Geriatrics

Geriatrics

Overview

A geriatrician is trained to give importance to the special problems of the older person. Often, common diseases produce unusual symptoms which are difficult to interpret by those unfamiliar with older persons. For example, pneumonia may not cause fever and cough, instead the person has leakage of urine; or, urinary infection causes the person to become restless, or drowsy and behave abnormally. Some diseases occur frequently in the elderly, such as falls, osteoporosis, Parkinsons' disease, urine incontinence, strokes, heart disease, and hypertension. Often several diseases occur together causing many medicines to be prescribed, and this leads to side effects. Additionally some medicines cannot be tolerated in the elderly, and a geriatrician's advice is useful.

Dr.Alka Ganesh

MD
Chairperson General Medicine & Section Head Geriatric Services

Treatment & Procedures

How can a geriatrician give better medical care?

Even though respective specialists can offer excellent treatment for each organ which is causing ill health, a geriatrician is needed to decide what modifications are needed for the particular individual. For example, a coronary bypass graft may be indicated theoretically in an older person with a heart attack, but if the patient has frailty, advanced dementia and is bedridden, such a procedure may in fact be inappropriate.

Diet has to be carefully watched because older persons need vitamins, protein, and calcium in greater amounts, and salt sugar and fats in smaller amounts.

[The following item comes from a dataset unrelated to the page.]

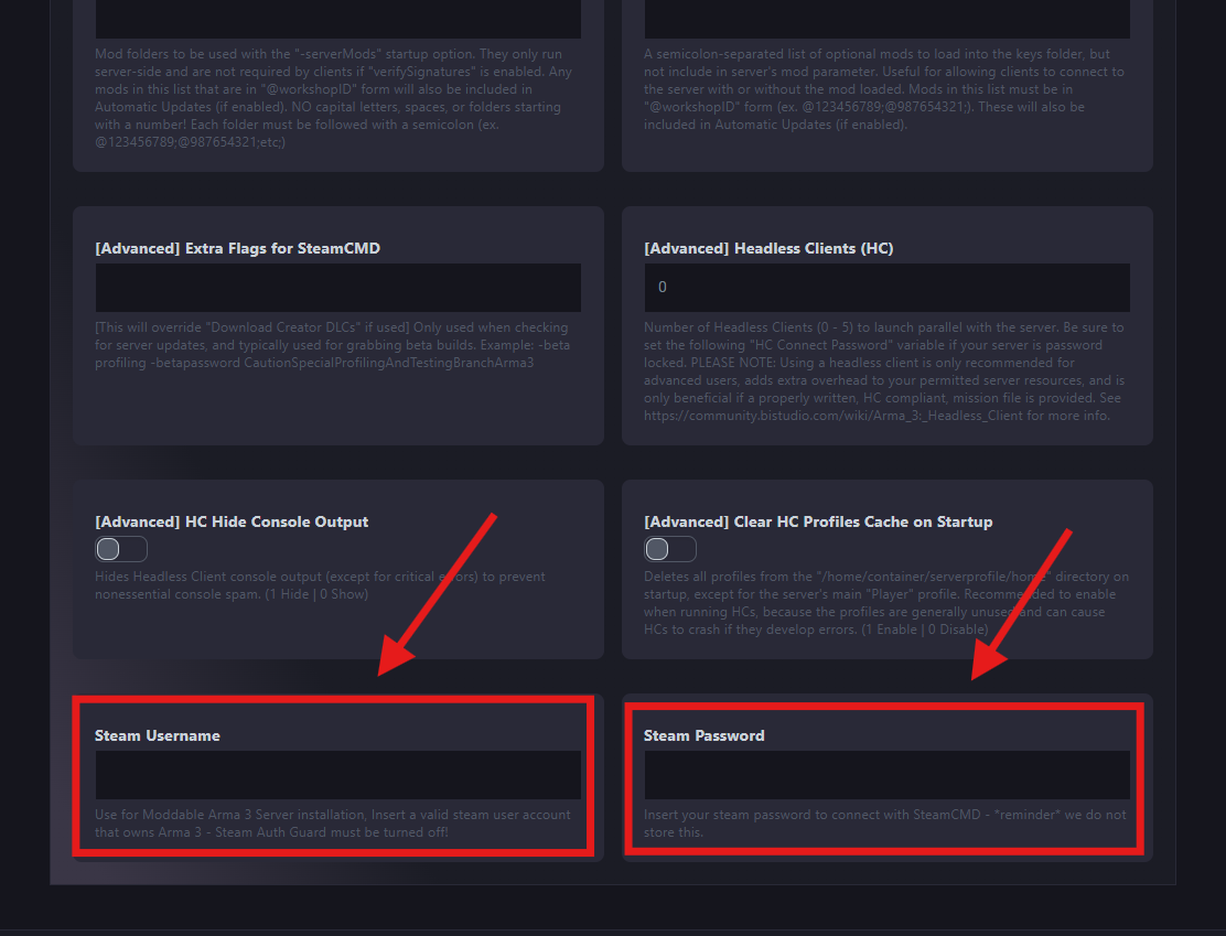 To comply with Steam’s Terms & Conditions, our servers use SteamCMD for authorization which does not store any of your Steam data. You will be required to temporarily enter your Steam username and Password so SteamCMD can verify ownership and download the server files. A valid Steam account with Steam Guard turned off and an active Arma 3 license is required for your modded server.

A geriatrician is aware of the many preventive treatments required for future well being. Falls can cause great disability. The risk for a fall must be found out before a patient falls, and corrective action should be taken early. Similarly, failing vision if detected early can alert the doctor to detect glaucoma, or macular degeneration which is common in the elderly. Other important preventive treatments include vaccinations for lung infections, detection and treatment of thin bones (osteoporosis), B12 deficiency, and malignancies.

Comprehensive geriatric assessment

The geriatrician’s clinical assessment is to arrive at a comprehensive evaluation based on the patient's various illnesses.

This includes:

History: complete list of all co-morbidities, incontinence, falls, activities of daily living, screening for depression.

Examination: Memory assessment, musculoskeletal assessment, vision and hearing.

Scope of management

Management of delirium, dementia, depression, urinary incontinence, assessment and prevention of falls, rehabilitation and palliation of bed-bound patients.